With an intention to develop a system that can identify AD at an early stage, we designed a fluorescent imaging system to image Aβ proteins. The resolution of the imaging system was sufficient to image microstructures as small as 5 μm. The performance of the system was tested using several phantoms. Different laser optical powers were tested. Two dyes were tested including Cy5 and CRANAD-2. CRANAD-2 was the primary contrast agent chosen for its use in diagnosing AD. Cy5 was selected for the similarity in excitation-emission spectra to CRANAD-2 and for its strong fluorescent response which helped to validate our design. The experiment used an agar phantom injected with Cy5 dye at different concentrations and an agar phantom containing CRANAD-2 particles. We demonstrated that the system will be capable of detecting the fluorescent phenomenon of an Aβ protein as we could image CRANAD-2. The system is capable of being used for a wide range of applications and can be modified on a fluorophore to fluorophore basis. In future testing, phantom imaging of Aβ mixed with the CRANAD-2 will be performed to measure the ratio of bound to unbound CRANAD-2 particles and the type of fluorescent signal exhibited. In addition, future experiments for in vivo retina imaging will be performed to determine whether CRANAD-2 and Aβ can be seen in an AD model.

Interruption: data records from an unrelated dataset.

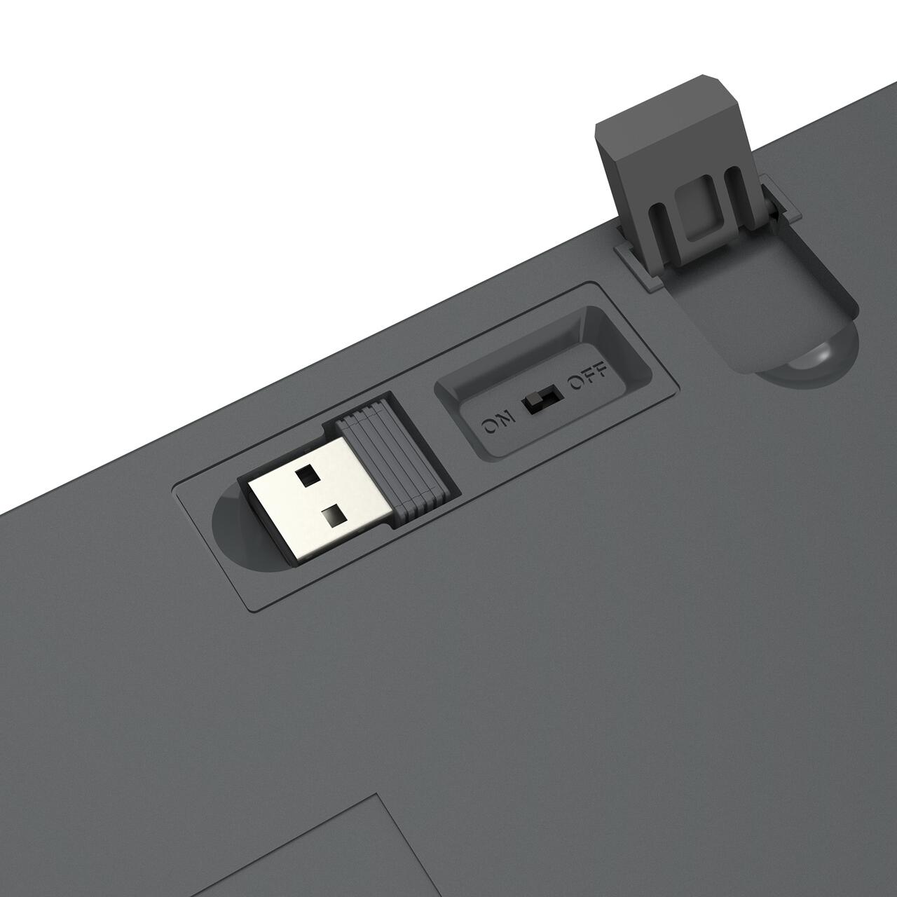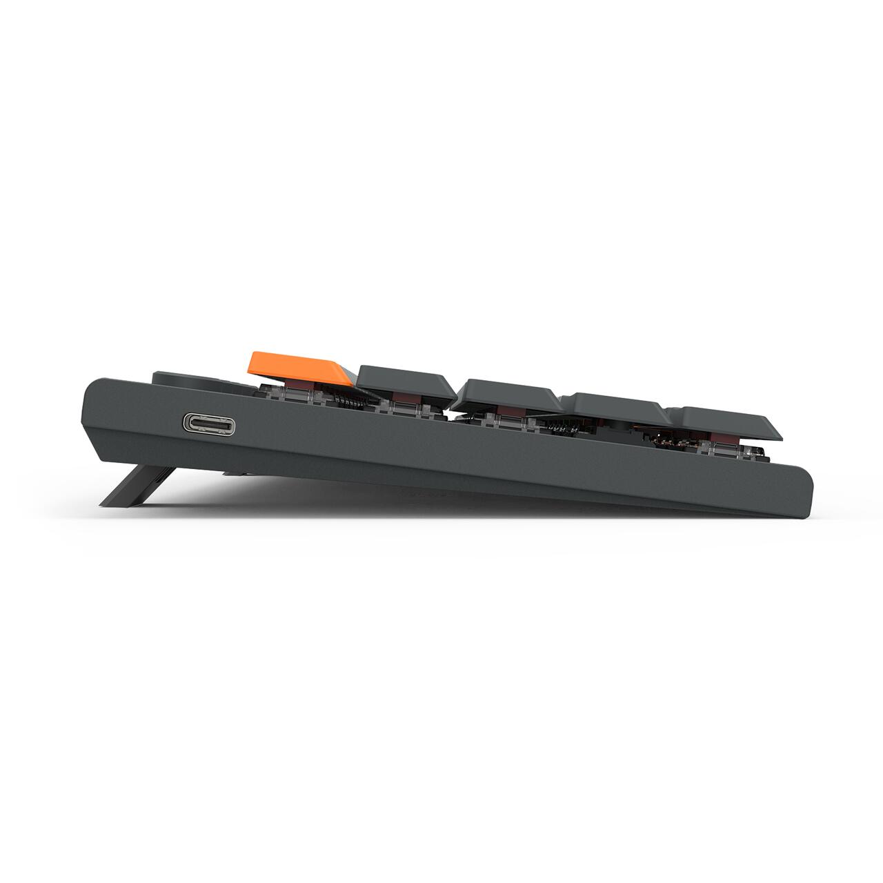 It supports Bluetooth 5.0 and 2.4 GHz wireless connectivity, allowing you to connect to up to 3 devices simultaneously using the FN + Q/W/E key combinations. A built-in 1600mAh battery provides extended wireless performance, and the keyboard also works via a detachable USB Type-C cable.
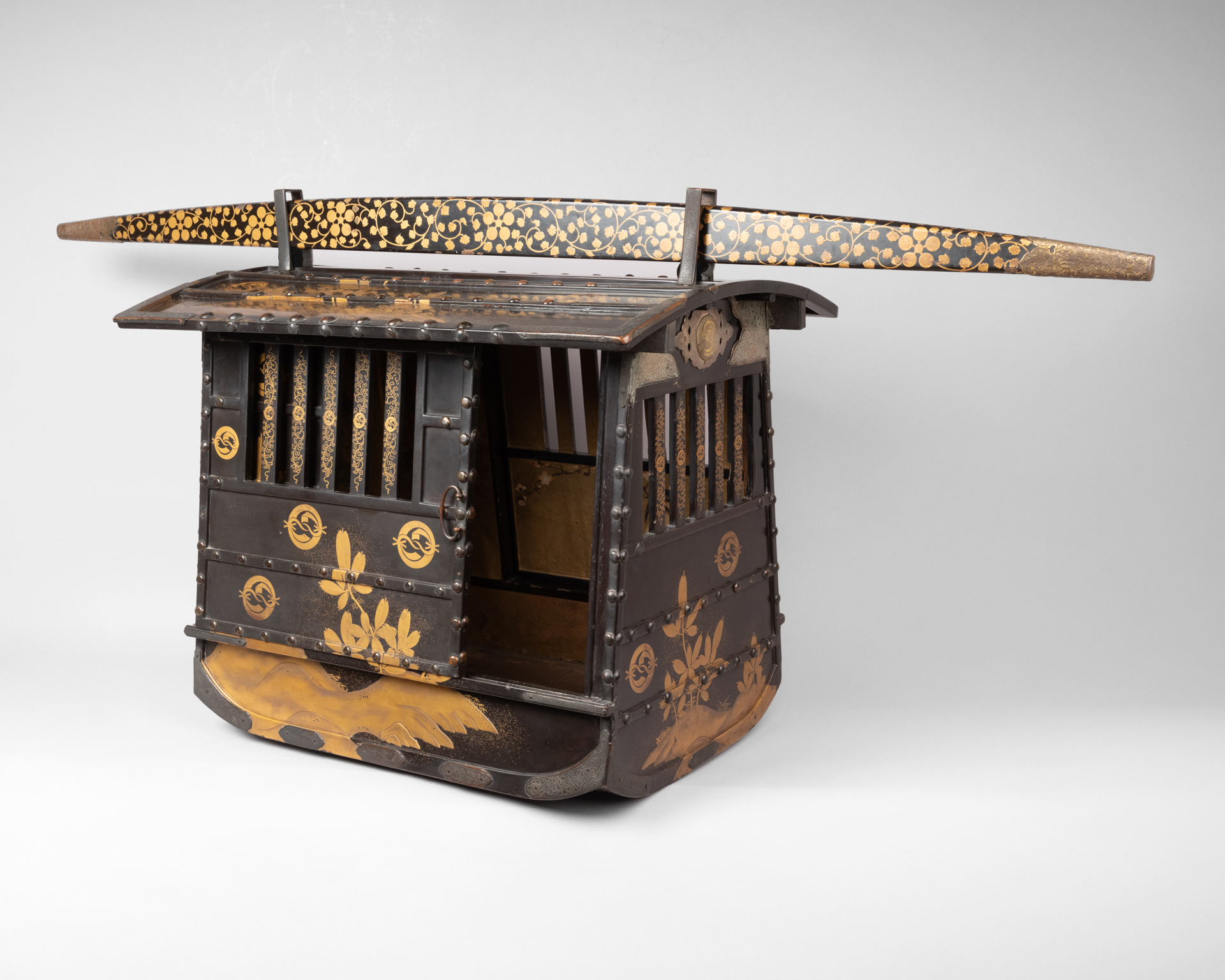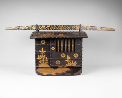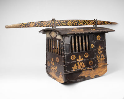 A large black and gold lacquer palanquin Japan, Edo period, 18th century The exterior decorated with pine trees, môn of Kan’in No Miya and foliage, the fittings in chiselled copper formerly gilded, opening doors, the interior painted on paper with flowers, cranes, birds, pines and trees. 47 x 39 cm without the carrying bar.
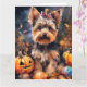 Cartão Biewer Terrier de Halloween com Abóboras Assustado
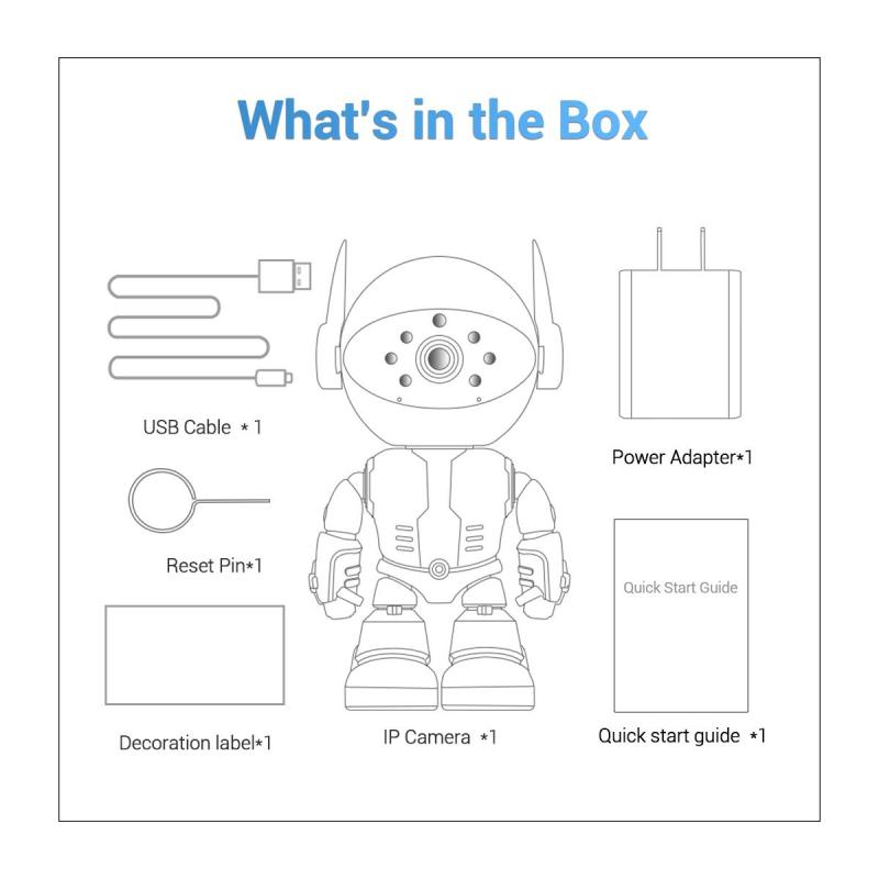 5. Accessories: Camera x 1, Power supply x 1, USB cable x 1, Screw package x 1, Manual x 1
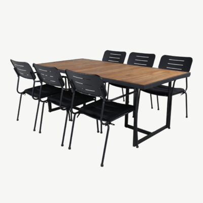 Avasta põhjamaise joonega kaasaegne õuemööblikomplekt Khung, mis koosneb suurest ristkülikukujulisest söögilauast ja kuuest Bois käetugedega söögitoolist. See akaatsiapuidust õuesöögikomplekt on loodud nii pereõhtusöökideks kui ka suvisteks aiapidudeks, tuues Sinu aeda ajatut elegantsi ja mugavust. Komplekti stiilne ning lihtne vorm sobitub igasse väliruumi ja pakub parimat elamust igal aastaajal.
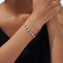The polished silver links provide a fluid, comfortable fit, while the secure clasp ensures durability for everyday wear or special occasions. A sophisticated piece designed for those who appreciate distinctive details and refined sparkle.

This research provides validation for a simplified imaging system for the detection of Aβ proteins using fluorescence imaging techniques. In addition, the development of a functioning imaging system with the capabilities of probe to probe variation is presented. Acknowledgements of the limitations of this study include those that result from the experimental design. The exploration of similar and alternative biomarkers for Aβ is warranted to determine the most feasible options for diagnosis using fluorescent imaging. Optimization of the imaging system will increase the robustness of its capabilities. Laser safety will be provided by an optimum mechanical design of the device housing in which a beam dump is well-integrated.

Future work based on this design would involve in vivo imaging to validate its diagnostic potential. This could involve using such a system in conjunction with optical coherence tomography (OCT) to enhance its diagnostic capability.[25,26] This combined system would allow for a noninvasive means to potentially diagnose AD with higher confidence, early in the disease’s progression. The fluorescence imaging system and components would be modified and compacted to create a system with which a patient could simply peer into an opening to image their retina. Such a machine would be designed and used in a manner similar to the OCT machines currently being used in ophthalmology. Once developed, this system could easily be implemented into an optometry practice to improve diagnostic procedures and outpatient services.